● **PROBLEM DETAILS**: The whole listing that follows, pictures excepted, should be printed again exactly as given.

● **DATASET EXTRACT**:
■ ■ ■

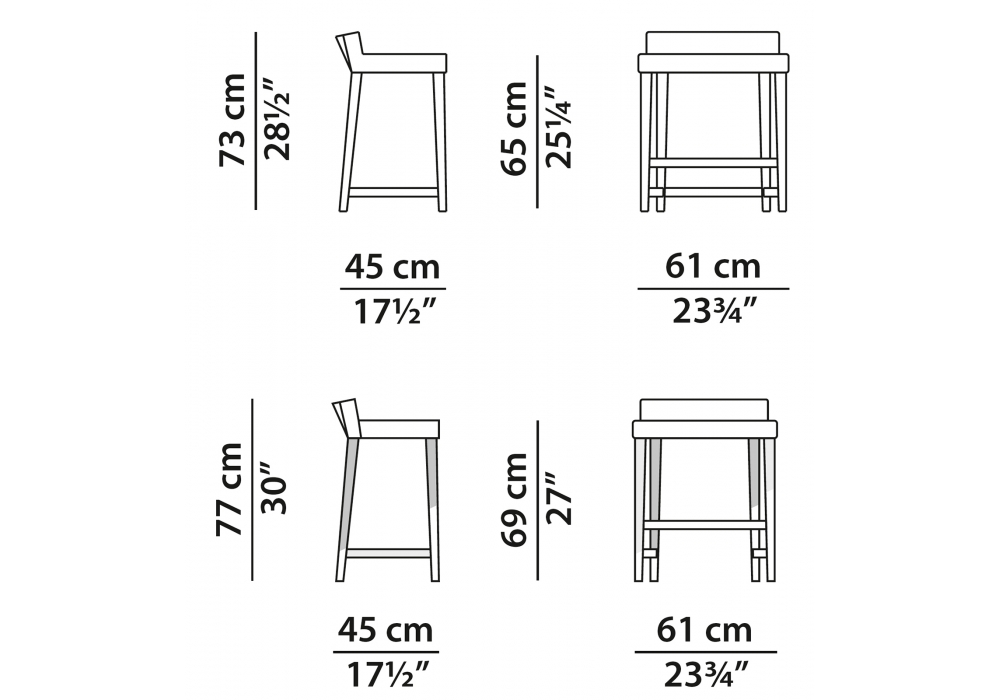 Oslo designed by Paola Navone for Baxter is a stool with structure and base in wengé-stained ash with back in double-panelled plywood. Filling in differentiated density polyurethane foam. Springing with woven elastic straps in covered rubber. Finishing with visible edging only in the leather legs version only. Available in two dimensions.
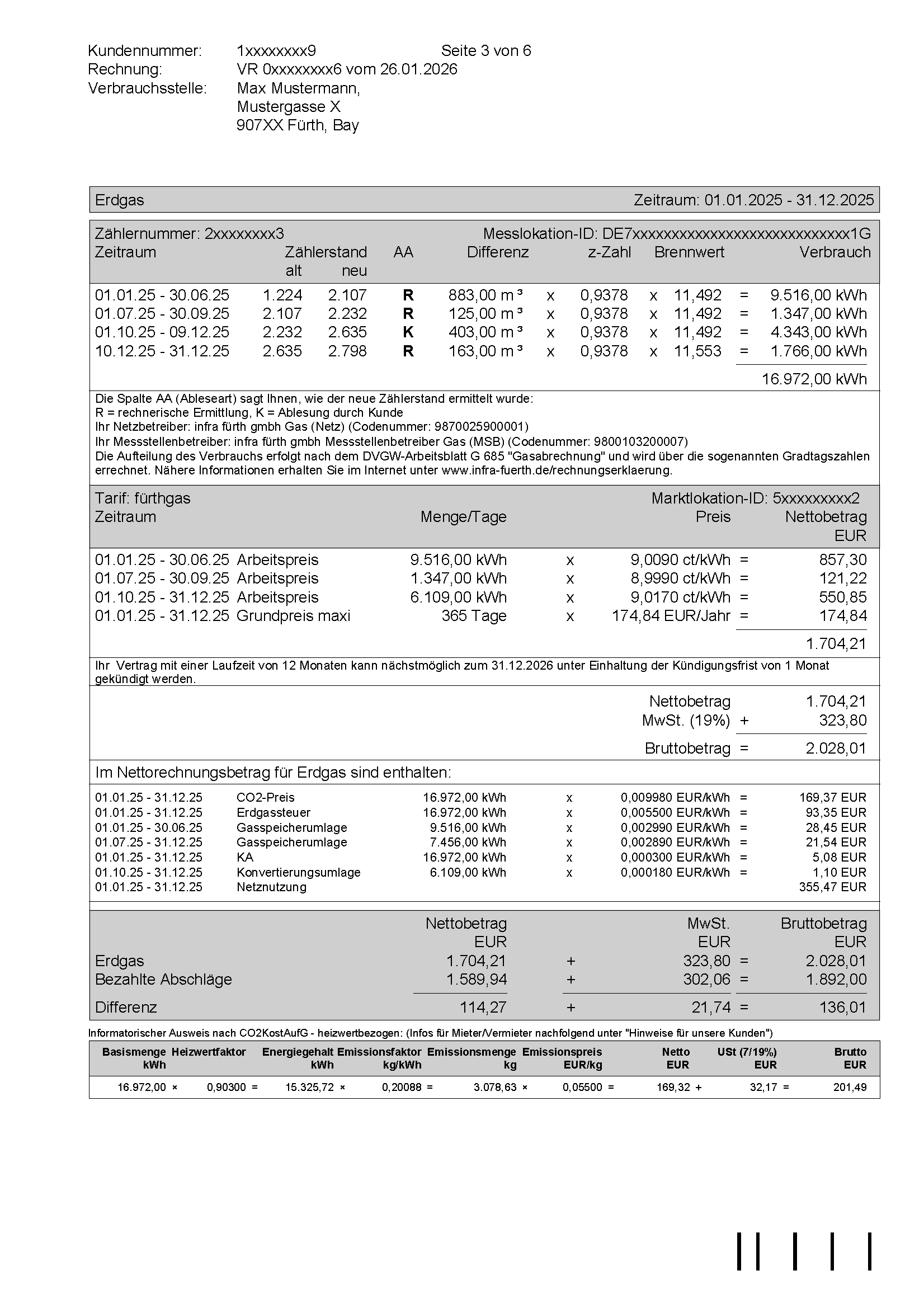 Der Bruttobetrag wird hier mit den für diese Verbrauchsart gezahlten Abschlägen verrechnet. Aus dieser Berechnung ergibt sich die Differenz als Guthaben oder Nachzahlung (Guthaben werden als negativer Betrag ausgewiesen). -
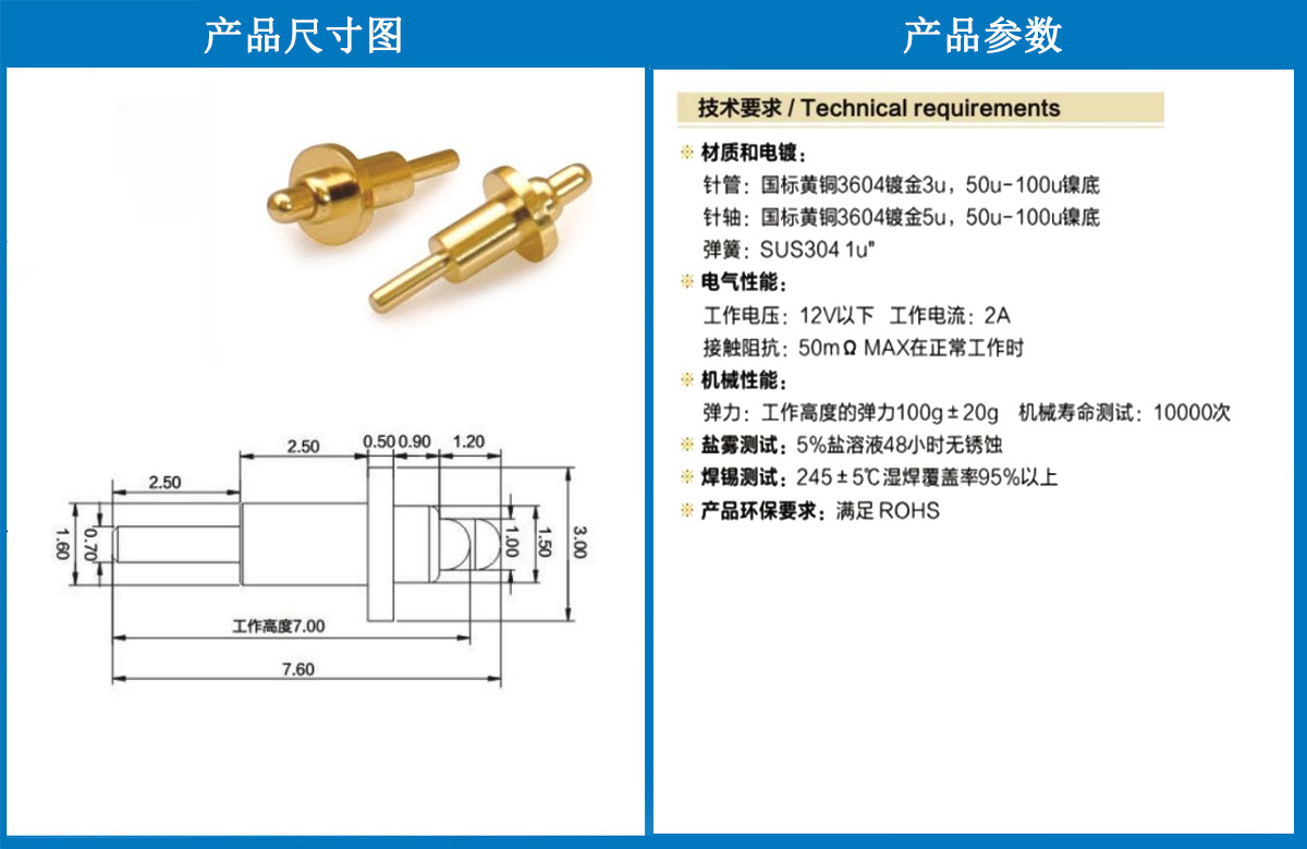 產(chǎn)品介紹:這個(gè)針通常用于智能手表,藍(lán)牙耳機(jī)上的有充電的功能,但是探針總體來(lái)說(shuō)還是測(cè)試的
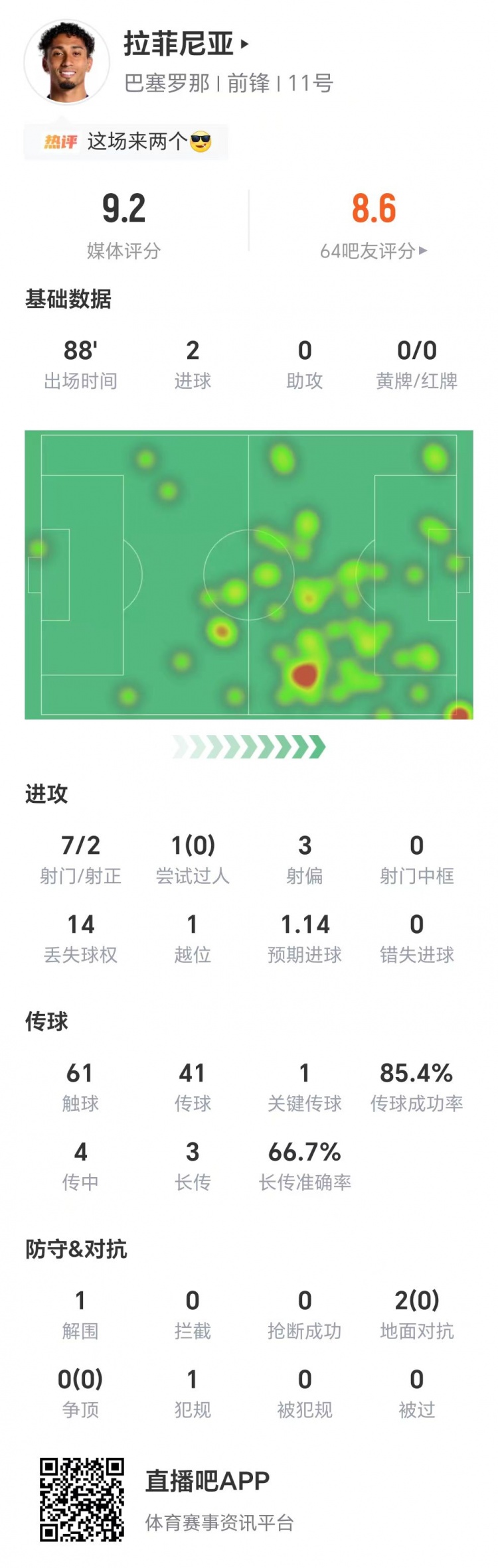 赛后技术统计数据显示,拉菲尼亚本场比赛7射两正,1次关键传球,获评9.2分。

■ ■ ■

● **YOUR RESPONSE**:
 Oslo designed by Paola Navone for Baxter is a stool with structure and base in wengé-stained ash with back in double-panelled plywood. Filling in differentiated density polyurethane foam. Springing with woven elastic straps in covered rubber. Finishing with visible edging only in the leather legs version only. Available in two dimensions.
 Der Bruttobetrag wird hier mit den für diese Verbrauchsart gezahlten Abschlägen verrechnet. Aus dieser Berechnung ergibt sich die Differenz als Guthaben oder Nachzahlung (Guthaben werden als negativer Betrag ausgewiesen). -
 產(chǎn)品介紹:這個(gè)針通常用于智能手表,藍(lán)牙耳機(jī)上的有充電的功能,但是探針總體來(lái)說(shuō)還是測(cè)試的
 赛后技术统计数据显示,拉菲尼亚本场比赛7射两正,1次关键传球,获评9.2分。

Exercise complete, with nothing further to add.